• **Listed entries**

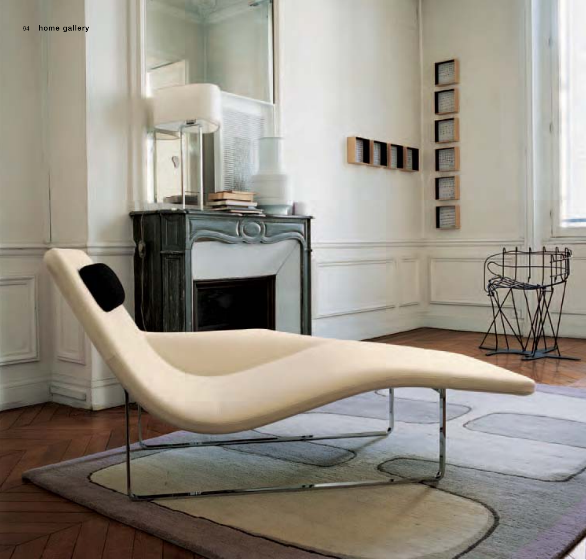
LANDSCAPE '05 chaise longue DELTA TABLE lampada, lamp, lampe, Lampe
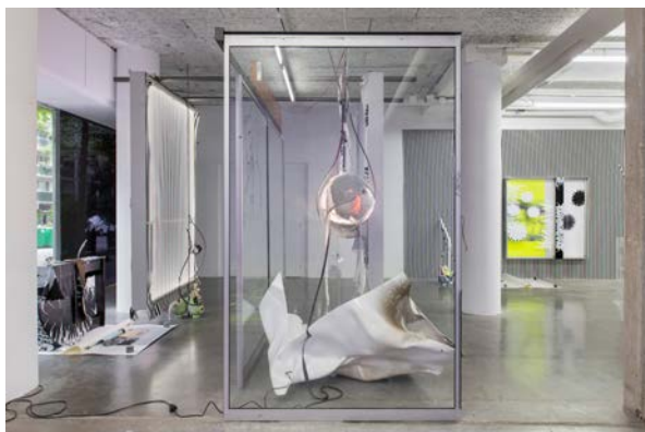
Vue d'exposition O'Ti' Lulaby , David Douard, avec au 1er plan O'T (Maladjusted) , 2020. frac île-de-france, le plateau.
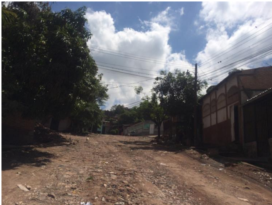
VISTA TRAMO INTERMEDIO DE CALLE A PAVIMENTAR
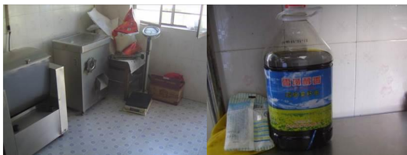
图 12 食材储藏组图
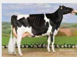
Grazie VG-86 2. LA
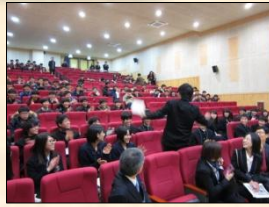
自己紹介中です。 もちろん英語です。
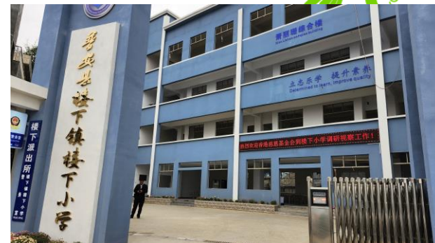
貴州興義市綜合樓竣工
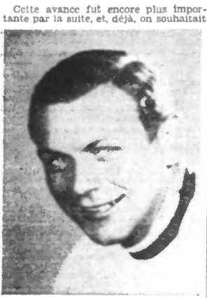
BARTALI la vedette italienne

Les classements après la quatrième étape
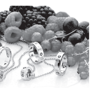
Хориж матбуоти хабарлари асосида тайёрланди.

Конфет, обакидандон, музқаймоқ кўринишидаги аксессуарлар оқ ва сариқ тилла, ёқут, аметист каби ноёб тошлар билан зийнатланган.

• **Brief**
Although the records above contain pictures, the copy must not; set down exactly the lines from the one with "Vue d'exposition O'Ti'" up to and including the one with "BARTALI la vedette italienne".

• **Output for this exercise**
Vue d'exposition O'Ti' Lulaby , David Douard, avec au 1er plan O'T (Maladjusted) , 2020. frac île-de-france, le plateau.
VISTA TRAMO INTERMEDIO DE CALLE A PAVIMENTAR
图 12 食材储藏组图
Grazie VG-86 2. LA
自己紹介中です。 もちろん英語です。
貴州興義市綜合樓竣工
BARTALI la vedette italienne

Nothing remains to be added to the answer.